*Material provided:*
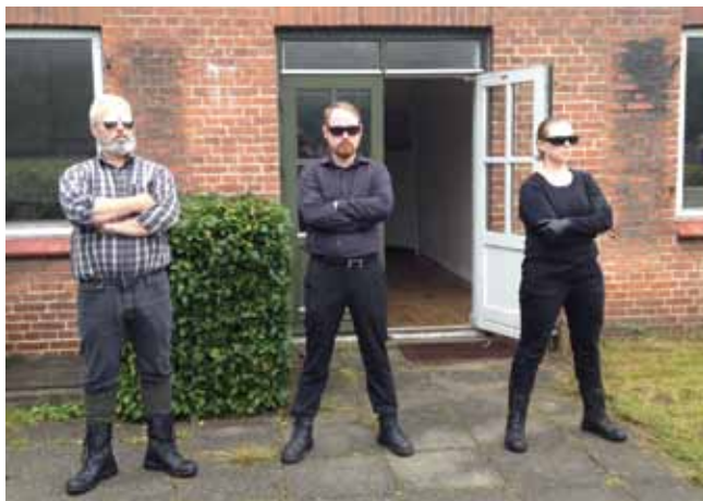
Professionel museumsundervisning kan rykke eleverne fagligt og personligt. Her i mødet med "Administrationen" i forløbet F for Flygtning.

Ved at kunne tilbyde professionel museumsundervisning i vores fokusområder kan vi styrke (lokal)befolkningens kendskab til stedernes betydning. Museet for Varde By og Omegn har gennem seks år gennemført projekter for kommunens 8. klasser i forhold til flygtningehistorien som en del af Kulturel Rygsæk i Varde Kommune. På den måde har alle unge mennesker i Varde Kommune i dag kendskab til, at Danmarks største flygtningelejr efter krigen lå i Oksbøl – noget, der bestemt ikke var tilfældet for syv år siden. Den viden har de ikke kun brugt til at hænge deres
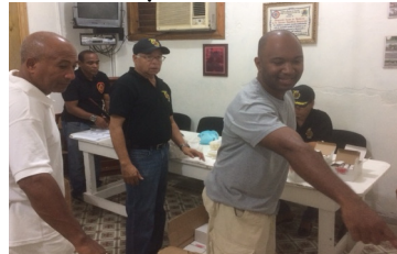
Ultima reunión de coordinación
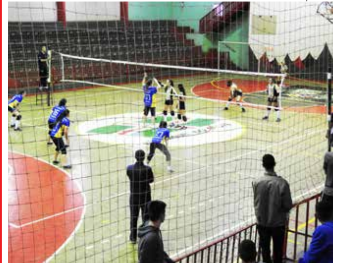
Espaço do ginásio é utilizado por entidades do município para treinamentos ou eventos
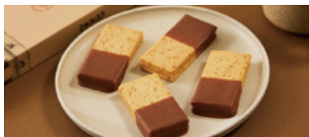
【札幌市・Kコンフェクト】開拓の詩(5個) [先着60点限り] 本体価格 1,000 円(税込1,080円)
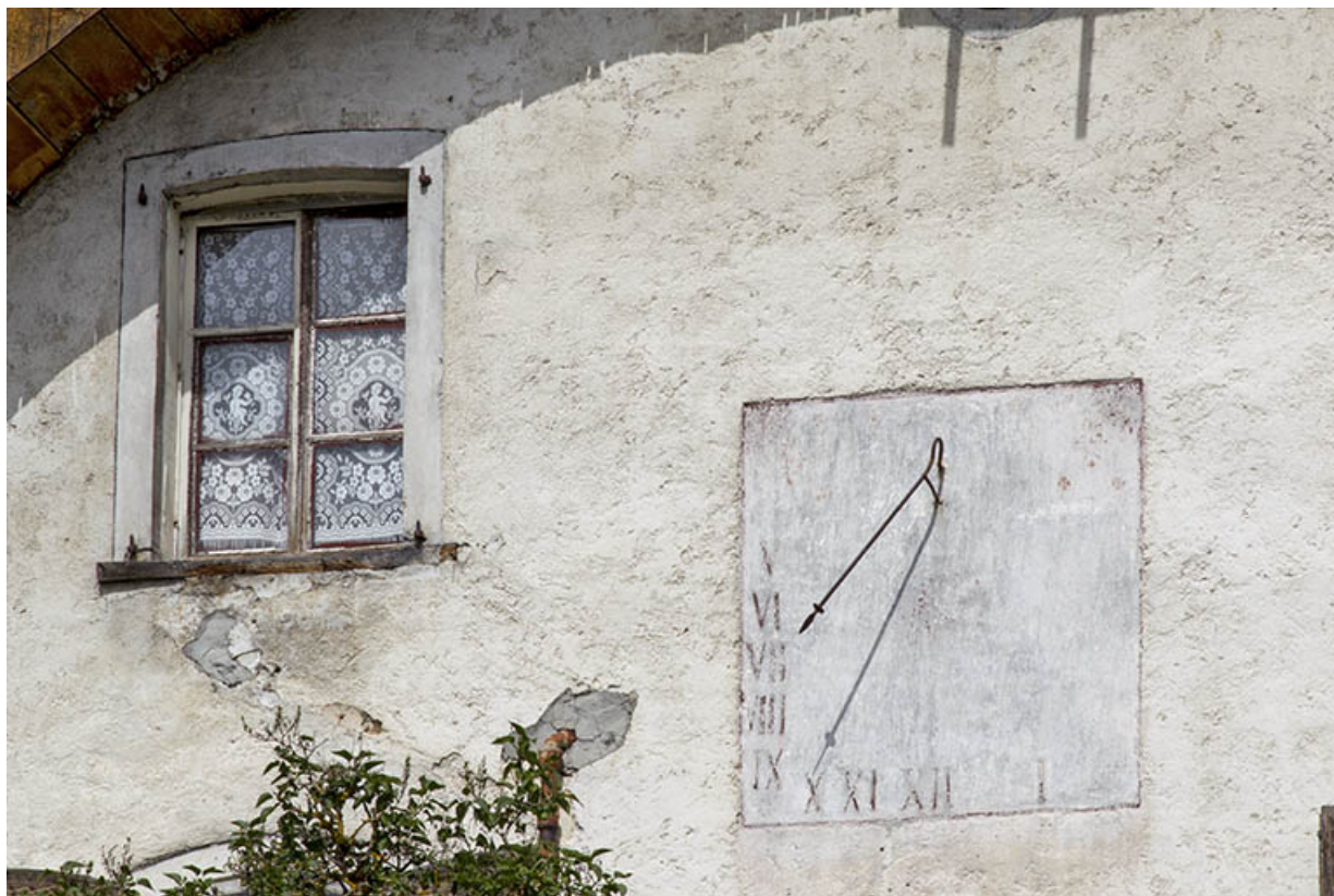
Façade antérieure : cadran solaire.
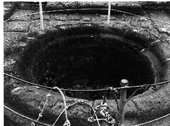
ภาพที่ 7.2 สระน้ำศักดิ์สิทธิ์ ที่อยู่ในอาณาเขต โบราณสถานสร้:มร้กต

*Task prompt:* When you write out the material, keep every line exact and leave out each picture.

*Completed exercise:*
Professionel museumsundervisning kan rykke eleverne fagligt og personligt. Her i mødet med "Administrationen" i forløbet F for Flygtning.

Ved at kunne tilbyde professionel museumsundervisning i vores fokusområder kan vi styrke (lokal)befolkningens kendskab til stedernes betydning. Museet for Varde By og Omegn har gennem seks år gennemført projekter for kommunens 8. klasser i forhold til flygtningehistorien som en del af Kulturel Rygsæk i Varde Kommune. På den måde har alle unge mennesker i Varde Kommune i dag kendskab til, at Danmarks største flygtningelejr efter krigen lå i Oksbøl – noget, der bestemt ikke var tilfældet for syv år siden. Den viden har de ikke kun brugt til at hænge deres
Ultima reunión de coordinación
Espaço do ginásio é utilizado por entidades do município para treinamentos ou eventos
【札幌市・Kコンフェクト】開拓の詩(5個) [先着60点限り] 本体価格 1,000 円(税込1,080円)
Façade antérieure : cadran solaire.
ภาพที่ 7.2 สระน้ำศักดิ์สิทธิ์ ที่อยู่ในอาณาเขต โบราณสถานสร้:มร้กต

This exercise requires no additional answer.